Aksi Kamisan terinspirasi perjuangan ibu-ibu dari Plaza de Mayo (Madres de la plaza di Mayo) di Buenos Aires, Argentina. Ibu-ibu berkumpul untuk memprotes anak-anak mereka yang menjadi sasaran penghilangan paksa oleh militer Argentina semasa dirty war. Gerakan para ibu di Plaza de Mayo terus mengingatkan publik bahwa ada kejahatan hak asasi manusia yang belum terselesaikan.
Afrika Selatan dengan tokoh Nelson Mandela serta Uskup Desmond Tutu berhasil menyelesaikan masa lalu mereka di masa rezim apartheid. Afrika Selatan menjadi negara contoh bagaimana Nelson Mandela menyelesaikan pelanggaran hak asasi manusia masa lalu untuk menatap masa depan.
Di Indonesia, masalah pelanggaran hak asasi manusia masa lalu tidak bergerak. Isu hak asasi manusia masih menjadi komoditas politik.
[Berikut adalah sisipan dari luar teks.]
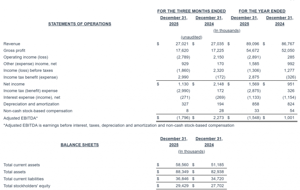“The Company’s annual revenue reached a record $89.1 million for the fiscal year 2025, an increase of $2.3 million, or 3%, when compared to the prior year’s revenue, despite the sale of its healthcare IT business unit in November 2025.” “Gross profit for 2025 was $54.7 million, up by $2.6 million, or 5% year-over-year, and net income for 2025 increased to $1.6 million from $951 thousand in 2024, mainly due to the increase in gross profit and recognition of tax benefits, partially offset by a write-down for impairment of goodwill.”
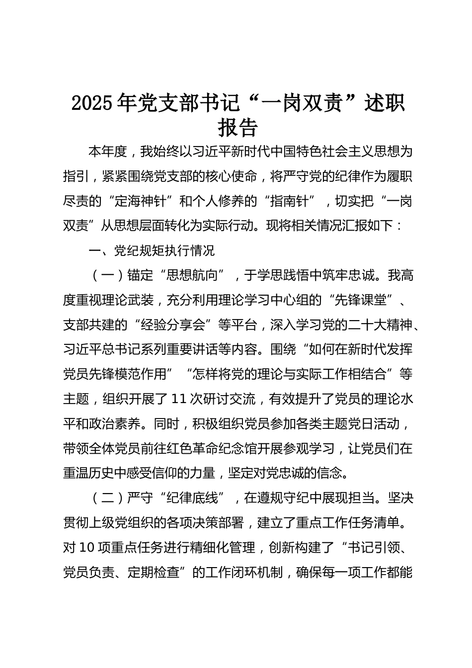 2025年黨支部書記“一崗雙責”述職報告本年度,我始終以習近平新時代中國特色社會主義思想為指引,緊緊圍繞黨支部的核心使命,將嚴守黨的紀律作為履職盡責的“定海神針”和個人修養(yǎng)的“指南針”,切實把“一崗雙責”從思想層面轉化為實際行動。現將相關情況匯報如下:一、黨紀規(guī)矩執(zhí)行情況(一)錨定“思想航向”,于學思踐悟中筑牢忠誠。我高度重視理論武裝,充分利用理論學習中心組的“先鋒課堂”、支部共建的“經驗分享會”等平臺,深入學習黨的二十大精神、習近平總書記系列重要講話等內容。圍繞“如何在新時代發(fā)揮黨員先鋒模范作用”“怎樣將黨的理論與實際工作相結...
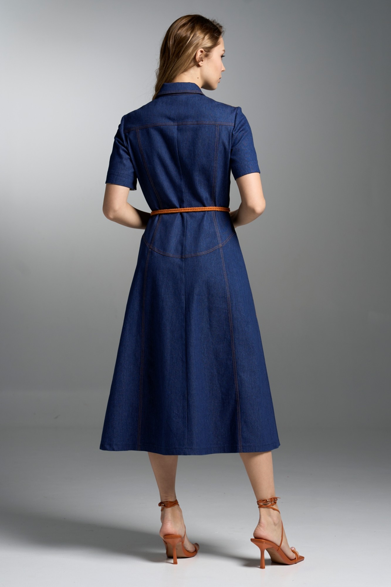 Платье женское приталенного силуэта расклешённое книзу. Центральная бортовая застёжка с планкой на петли-пуговицы. Полочка и спинка с кокетками, рельефами, фигурным Рукав втачной. Внутренние кокетки, стойка, нижний воротник и обтачка рукава выполнены из отделочной хб ткани с мелким принтом. Навесной пояс из декоративного шнура и застежкой на крючок.

Sejak jatuhnya kekuasaan Orde Baru, Presiden BJ Habibie, Presiden KH Abdurrahman Wahid, Presiden Megawati Soekarnoputri, Presiden Susilo Bambang Yudhoyono, dan Presiden Joko Widodo belum berhasil menyelesaikan problem pelanggaran HAM masa lalu dengan berpihak kepada korban.
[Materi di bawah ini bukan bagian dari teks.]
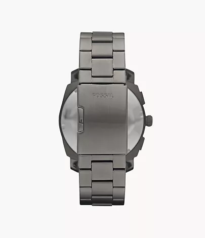 This functional timepiece is made with chic smoke-colored stainless steel and a black velvet dial. This Machine watch also features a chronograph movement on a stainless steel bracelet.

Baca juga: Keluarga Korban Tragedi Semanggi I dan II Sesalkan Pernyataan Jaksa Agung
Sementara di level elite, ”rekonsiliasi” dilakukan. Elite yang patut diduga terkait problem hak asasi manusia masa lalu justru mendapatkan pos-pos politik bergengsi. Sementara keluarga korban tetap meratapi kesedihan jadi korban ketidakadilan.
Boleh jadi, penanganan kasus pelanggaran HAM masa lalu di Indonesia mengikuti saran Samuel P Huntington dalam buku Third Wave: Democratization in The Late Twentieth Century. Samuel memberikan advis. ”Boleh jadi langkah yang paling rendah tingkat ketidakpuasannya adalah jangan mengajukan ke pengadilan, jangan menghukum, jangan memaafkan, dan yang terpenting, jangan melupakan.”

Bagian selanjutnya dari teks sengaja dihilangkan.